Usually, the mission of a “Threat Hunter” is to focus on locating these previous phases that the adversaries carry out (and the earlier this phase is detected, the better) to be able to solve and/or mitigate the incident produced with no or very minimised impact with respect to what a ransomware incident is.
So how can threat hunting add value when the incident is already complete?
A Threat Hunter is an analyst specialised in investigating various sources of information from the organisation’s infrastructure to extract threat data.
These threats are detected in the different anomalies caused by an adversary in the normal operation of the different assets. These anomalies are known and detected by the “Threat Hunter” in the information provided by tools such as EDR, XDR, SIEM, UEBA, etc., which provide the necessary context to differentiate between what is normal operation and what is not.
If this same process is adapted to incident response, the result is a flow of information that is fed back by the sharing of findings between the different roles. What a forensic officer finds can be investigated by the Threat Hunter to see in the EDR or SIEM how it got to that machine, from where and on how many other machines it has been seen. In turn, giving the forensic scientist new information (feedback) on the course of the incident, allowing the different lines of investigation to be accelerated (and containment to be better adjusted, in many cases).
Following these investigations with the data obtained by the Cyberintelligence team (as we saw in the previous post), the Threat Hunter will return to the rest of the team the different findings that will help this part of the team to advance quickly in the classification of the adversary. This allows them to know crucial data such as whether there is a site where data leaked by the attackers will be published or what other tools they may have used in the specific scenario, as they will have been seen in other incidents carried out by this same group.
But it does not only allow the incident response team to move faster in their respective tasks. The fact that they are actively investigating the behaviour of the machines in the organisation and with the different indicators of compromise (IOCs) available, allows the organisation to quickly bring up services that can be confirmed to be unaffected and the safe start-up of those affected by blocking the malicious artefacts already identified through EDR.
Acting from EDR for all assets
As mentioned above, the incident response is largely “EDR-centric”. The actions that the Threat Hunter performs on this platform are diverse:
- Evidence retrieval.

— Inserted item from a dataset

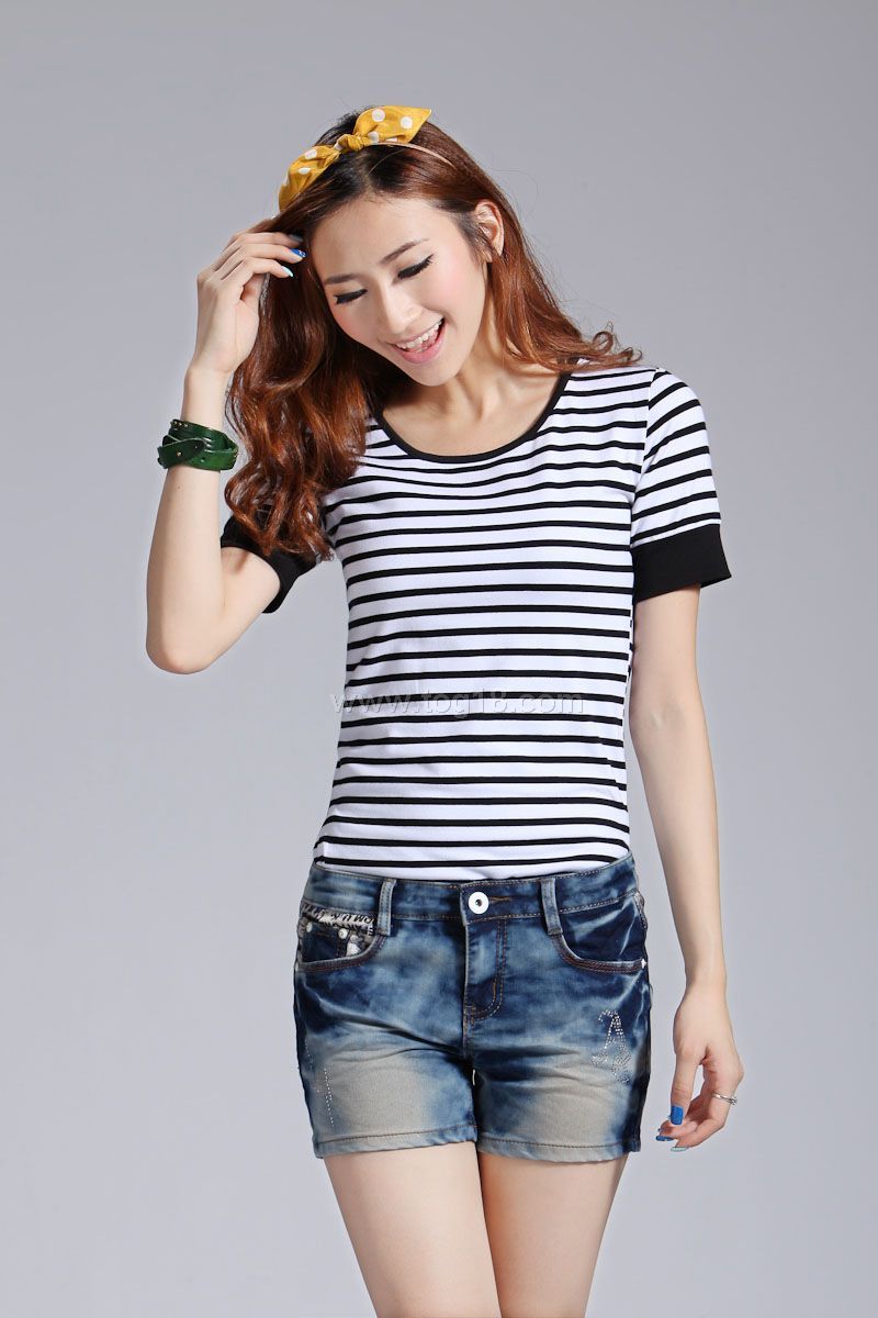2012款长点的四分裤弹力中腰牛仔短裤 显瘦翻遍热裤

Thanks to an EDR, it is possible to connect to the machines of interest and retrieve information directly from them, making it possible to obtain artefacts without the need to use the time of other technical groups in the organisation (given the situation, they usually have a much higher workload than normal).

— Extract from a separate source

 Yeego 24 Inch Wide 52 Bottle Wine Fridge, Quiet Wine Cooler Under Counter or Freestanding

- Event investigation. An EDR also provides telemetry on the machines on which the corresponding agent is running. This telemetry makes it possible to investigate artefact executions, understand the creation of artefacts, remove malicious files, trace connections created by each executed process and, among other things, detect the persistence of different software elements or malware. All this provides a very complete context of operation in which attack patterns can be studied in an optimal way.
- Asset isolation. As telemetry is investigated, it is possible to isolate those assets within the network that present malicious or clearly suspicious behaviours; at the same time, allowing the normal operation of those elements that have not been affected.
- Blocking of IOCs and creation of rules. Two of the most interesting results of the research are the Indicators of Compromise (IOCs) and the rules for the behaviour of the adversary in the incident. Both elements can be easily configured in the platform for automatic blocking and warning. So that if the adversary had left a logical bomb or maintained access with some persistence that relaunched the attack, it would be automatically blocked by the EDR as this configuration has previously been done.
Handing the baton back to the organisation
During the incident response, the team will ensure that the adversary has been successfully ejected and the incident has been resolved at all levels.
In that purpose, the Threat Hunter will be responsible for monitoring that the information produced by the EDR system “shows calm” and that no new activity related to the incident is present on any machine in the infrastructure.
To this end, any anomalous behaviour will be monitored and the different necessary alerts will be configured in the event that the incident is reproduced or that any machine may have activity (in order to automatically isolate that activity and continue with the recovery).
After a reasonable time in which it will be verified that there is no new relevant activity (normally one month since the incident), the Threat Hunter’s work will be terminated, returning the control to the client organisation or group of assigned EDR services.